Description of the task: Output exactly the lines from the line that has "BEDROOM: The second" through the last line of the data below, with no pictures.

-*-

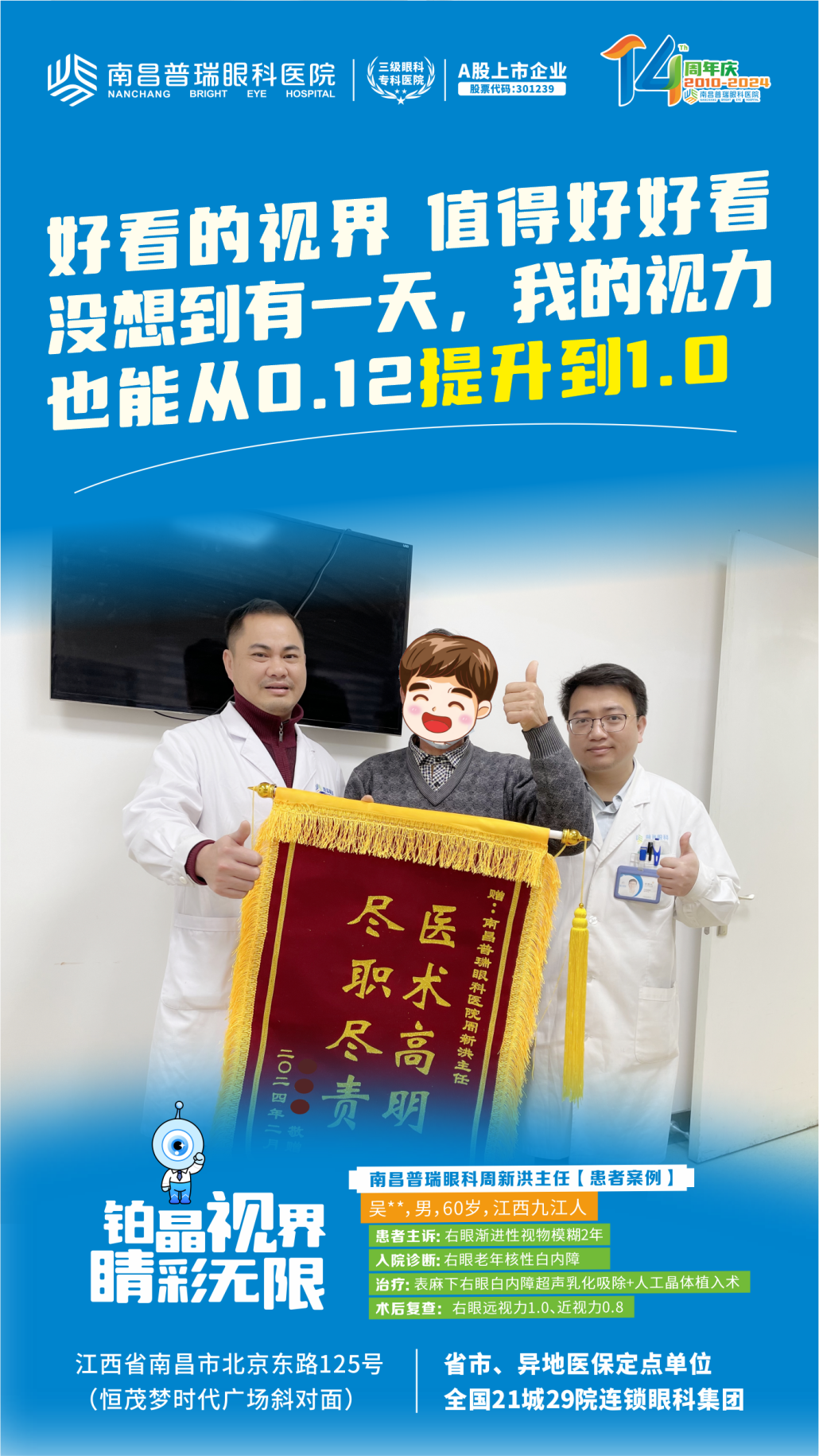 据了解,患者吴某今年刚满60岁,两年前右眼开始渐进性视物模糊。在生活中造成了很多不便,心理上也非常的焦虑。通过一番咨询,来到了南昌普瑞眼科医院,由白内障科室主治医生周新洪主任接诊,判断是老年核白内障,提出了可以安排手术进行治疗,经过沟通同意后,随后安排了入院。
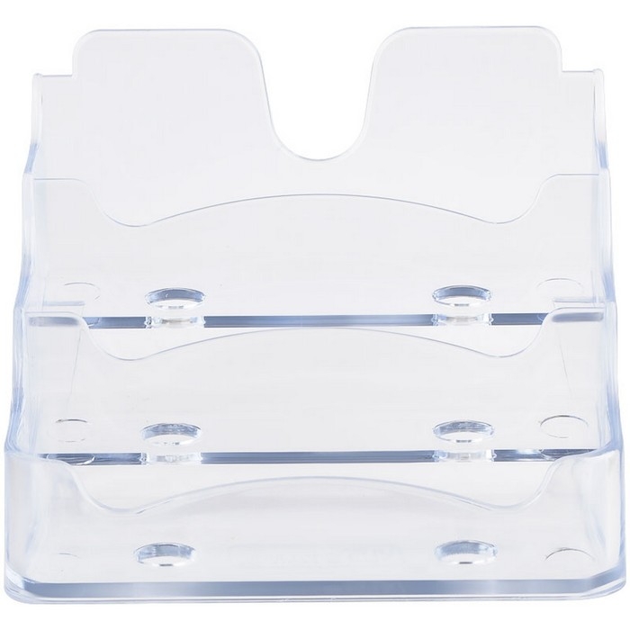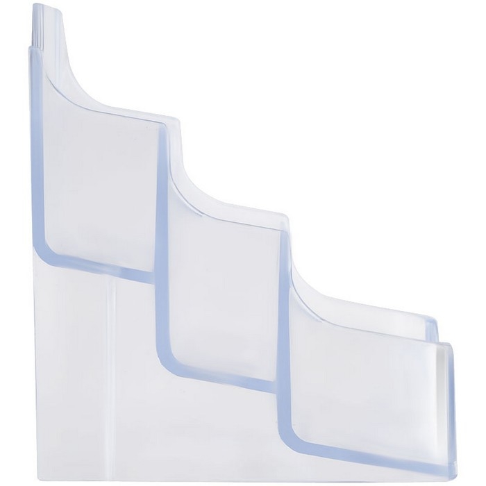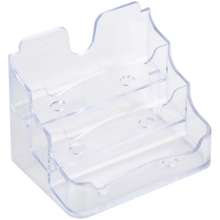Подставка под визитки имеет 3 отделения, расположенных каскадом.
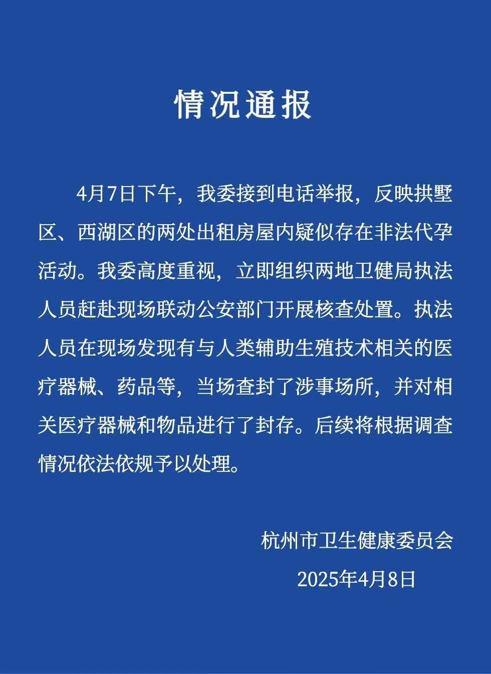 4月8日,杭州卫健委通报拱墅区、西湖区的两处出租房屋内疑似存在非法代孕活动。详情如下。
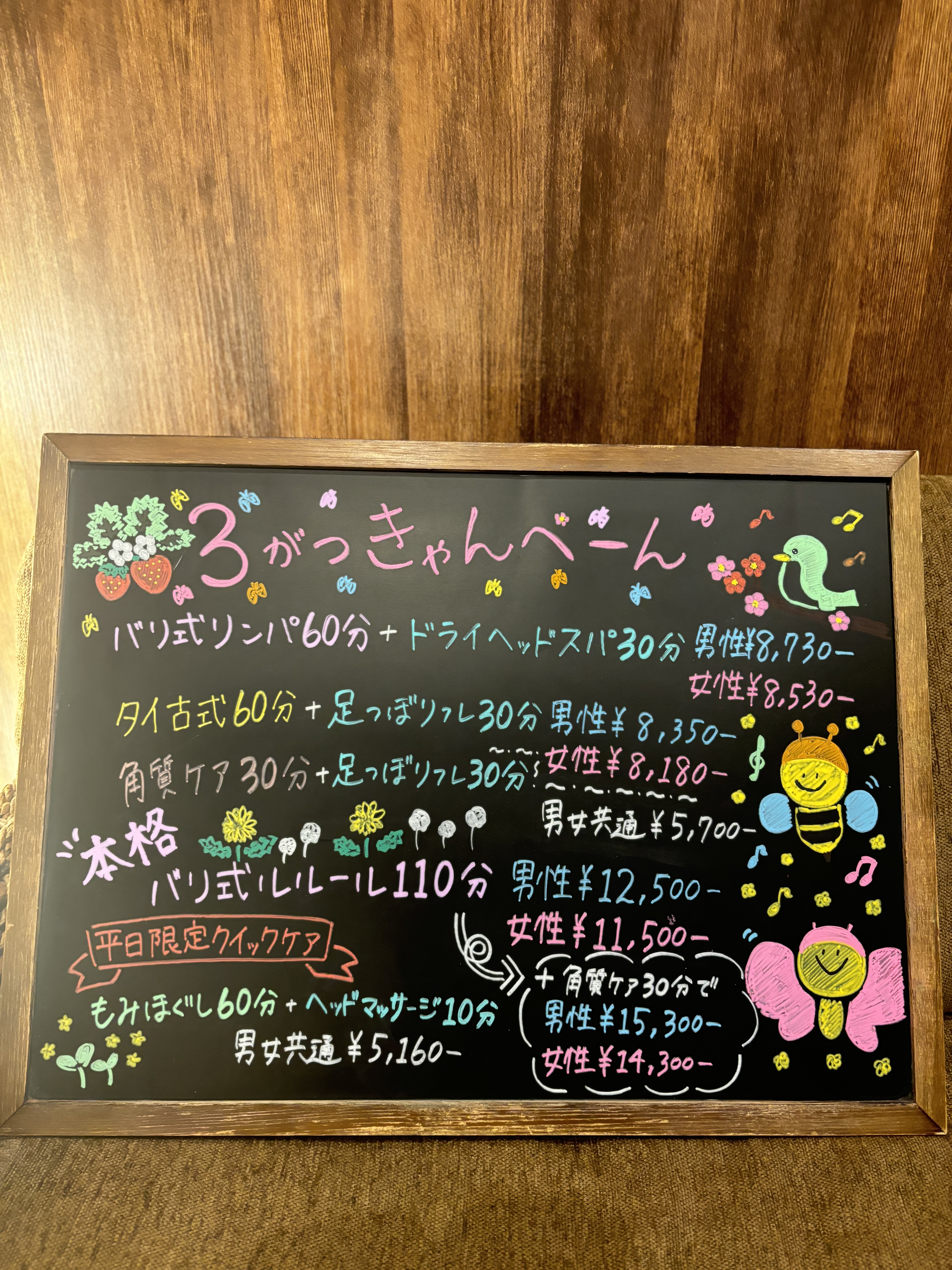 【もみほぐし60分+足つぼ30分+ヘッドスパ30分】
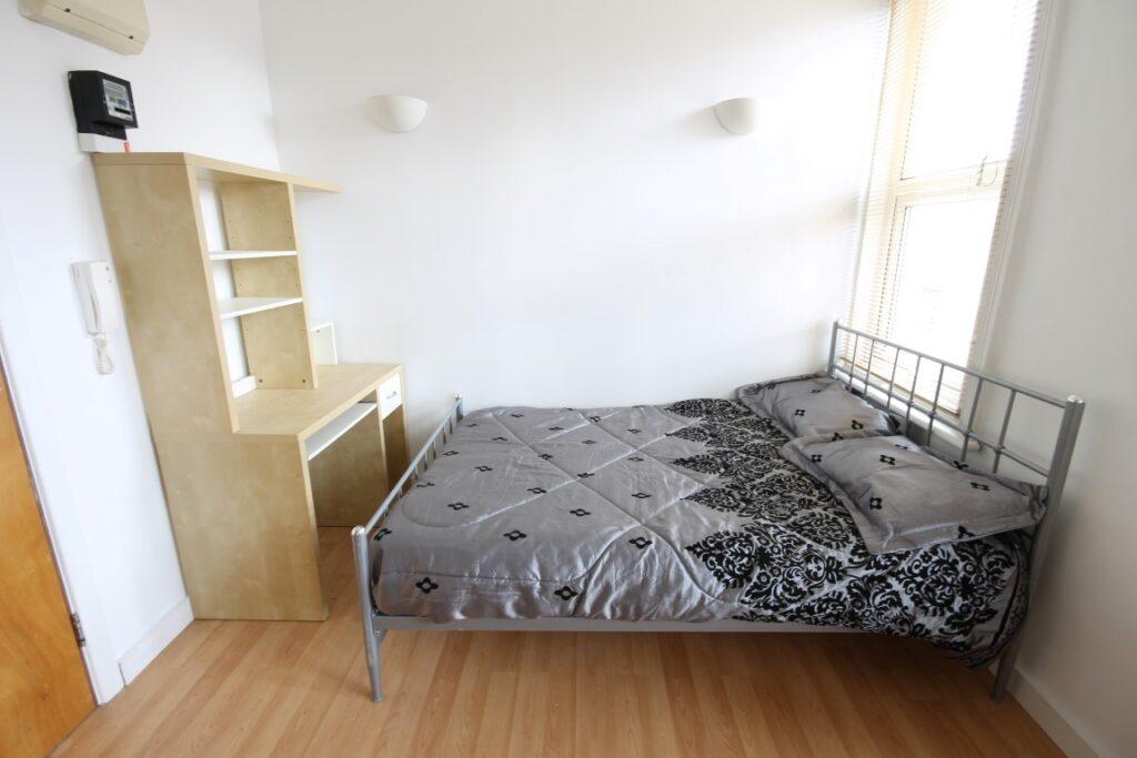 BEDROOM: The second flat features a similar bedroom with the same décor, and includes a double bed, bedside table, mirrored wardrobe, desk and chair. A large window fills the room with natural light.
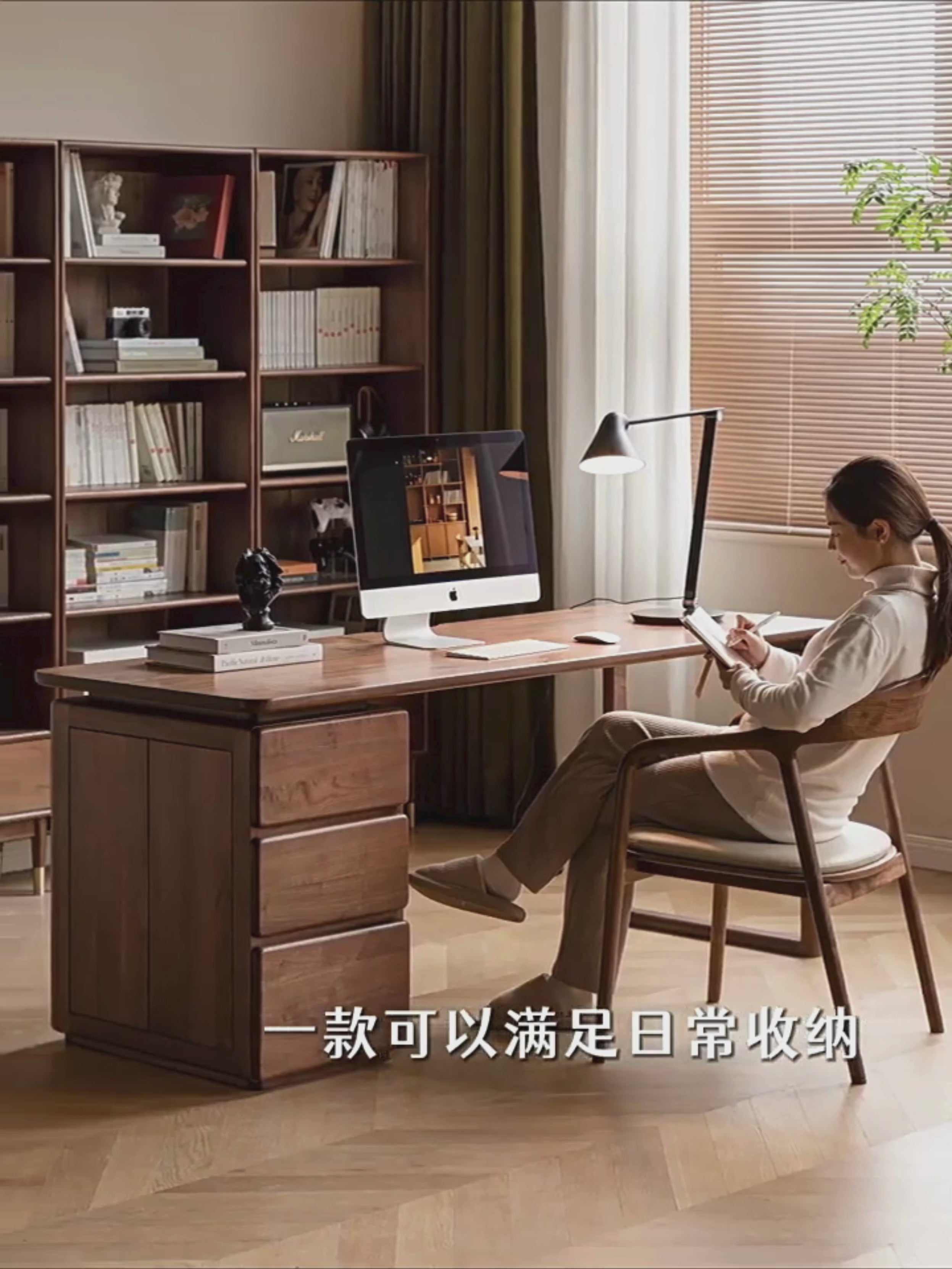 Black Walnut, Sandalwood Solid Wood Desk Cabinet Integrated Work Table

-*-

Response to the task:
 BEDROOM: The second flat features a similar bedroom with the same décor, and includes a double bed, bedside table, mirrored wardrobe, desk and chair. A large window fills the room with natural light.
 Black Walnut, Sandalwood Solid Wood Desk Cabinet Integrated Work Table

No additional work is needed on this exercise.